Engaging Afghanistan now is the preferred option

10/19/2009

PRESIDENT Obama is caught in a no-win situation in Afghanistan.

He inherited a badly executed war from George W. Bush who, egged on by the coterie of neocons, invaded Iraq and took his eyes off Afghanistan.

For more than six years, the war in Afghanistan was of secondary importance, and in that time the Taliban regrouped and emerged as a formidable force.

Despite terrorists' attacks on 9/11, it was a mistake to invade Afghanistan. While the tendency is to retaliate, a more logical approach would have been to isolate the Taliban government in Afghanistan and take out its al-Qaeda sanctuaries.

There are many other ways, history tells us, to redeem a nation's honor.

Even after the invasion of Afghanistan, a focused approach to nation building and sealing the border between Pakistan and Afghanistan would have made al-Qaeda and the Taliban ineffective.

Now it is extremely hard, if not impossible, to put Humpty Dumpty back together again.

Afghanistan has been called the graveyard of great empires. Throughout history, many invaders came with high designs but eventually left in disgrace and humiliation. The country is located on the crossroads of Asia, between the Indian subcontinent and Central Asia.

In history, no land invader has ever been able to establish a foothold there.

Many invaders fought their way through the land on the way to the Indian subcontinent. Starting in 2000 B.C. with the Aryans and ending with the Soviet invasion in 1979, there have been scores of invaders, including Alexander of Macedonia in 325 B.C., but no conquerors.

Underlying this phenomenon is the formidable mountainous terrain, the fierce independent spirit of the people, and a historic paranoia of outsiders that dictates their attitude and their actions. Sir Olaf Caroe, the colonial governor of the North West Frontier of Pakistan, in his seminal book on the Pashtuns (The Pathans, Oxford University Press, 1958), emphasized the nature of the country and its inhabitants by saying, "But the land was made for the men in it, not men for the land."

Islamic orthodoxy is just another, albeit the most recent, wrinkle in the lives of these rugged and unpredictable people.

These attributes, coupled with their religious orthodoxy, were exploited to the fullest during the Soviet invasion of Afghanistan (1978-89) by Western countries. The land, the people, and their peculiarities, however, are the same despite the ebb and flow of invaders.

The Taliban rose from the ashes of the Afghan civil war waged for seven years after the Soviet defeat. They brought peace to a war- torn country and provided a sanctuary to their benefactor, Osama bin Laden, who had played a crucial role in the jihad against the Soviets. However, after the bombings of U.S. embassies in Kenya and Tanzania in 1998 and an immediate attack by a U.S. cruise missile on al-Qaeda's sanctuary in Afghanistan, a rift developed between al-Qaeda and the Taliban.

In the winter of 2000, while writing for The Blade from Afghanistan, I asked Taliban leaders why they did not hand over bin Laden to the United States when his continued presence in their country had turned the entire world against them. They were quick to distance themselves from the embassy bombings, but were adamant - note the tribal mind-set - not to betray their "honored" guest. In Pashtun culture, once you give sanctuary, you cannot revoke it.

Afghanistan is a patchwork of ethnic tribes that are divided along Pashto and Dari, the two dominant languages.
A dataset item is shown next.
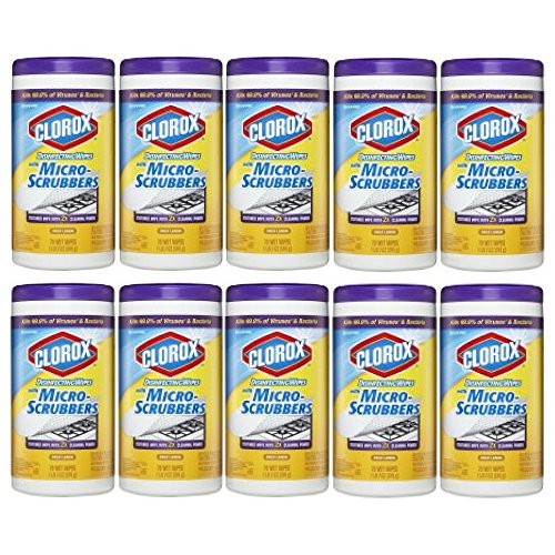 -. Feature : One 70 count canister of Clorox Disinfecting Wipes with Micro-Scrubbers in Crisp Lemon / Kills 99.9% of virus and bacteria, including Human Coronavirus and Influenza A2 virus / Kills cold and flu viruses, E. coli, Staph, Strep, Kleb and Salmonella / Double sided texture with micro-scrubbers trap and remove tough soap scum / Wipes eliminate soap scum and baked on soils on multiple surfaces

Pashtuns (all Taliban are Pashtuns) constitute 42 percent of the population, whereas Tajiks (27 percent), Hazaras, and Uzbek (both 9 percent each), and a sprinkling of minor tribes make up the rest.
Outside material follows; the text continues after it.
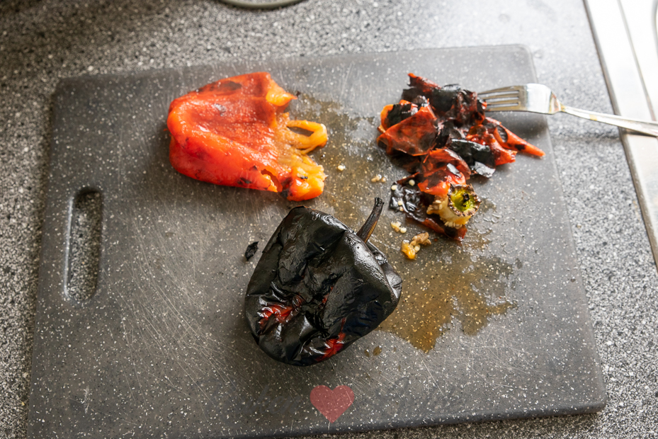 Door de paprika te roosteren krijgt hij een licht gerookte en zoete smaak die perfect past bij de zalm, avocado en geitenkaas.

The tribal divide was evident during the Taliban push in the early 1990s for control of the country. The northern tribes, then called the Northern Alliance, fought the Pashtun Taliban and kept them at bay.

The Taliban targeted and assassinated the charismatic Tajik leader Ahmad Shah Massoud in order to gain control of northern Afghanistan. After the U.S. invasion in 2002, that feud was pushed to the background, but it is resurfacing again.
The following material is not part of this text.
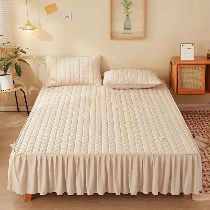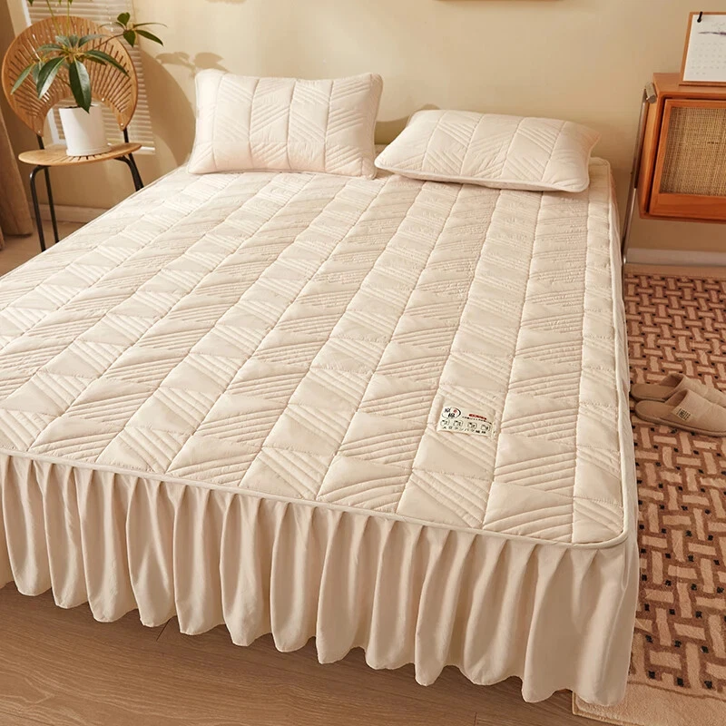 Absolutely love this mattress cover! It fits my bed perfectly, stays in place all night, and the material is so soft yet durable. The elastic edges are strong and the skirt gives it a clean, finished look. Just a heads up, pillowcases are sold separately. Highly recommend!

The time has passed to bother with winning the hearts and minds of Afghans and most particularly the Pashtun tribes. The Pashtun Taliban are destined to return to power.

The only thing that could be done now is to engage them in some kind of negotiations and, with the promise of aid for nation-building, craft a face-saving exit.

It might surprise some, but another important piece in the propaganda arsenal of al-Qaeda is the American unwillingness and/or inability to address the Palestinian issue. In geopolitical terms, that issue is linked to all other regional conflicts in the Muslim and Arab world that involve America.

Once the Palestinian issue is out of the way, it will eliminate one major cause of anger against America in the Muslim/Arab world.

Time is of the essence for America, but not to the people in Afghanistan or in the Middle East. They can and will wait for generations to achieve their goal.

Better to engage them now than to be humiliated later.

Dr. S. Amjad Hussain is a retired Toledo surgeon whose column appears every other week in The Blade.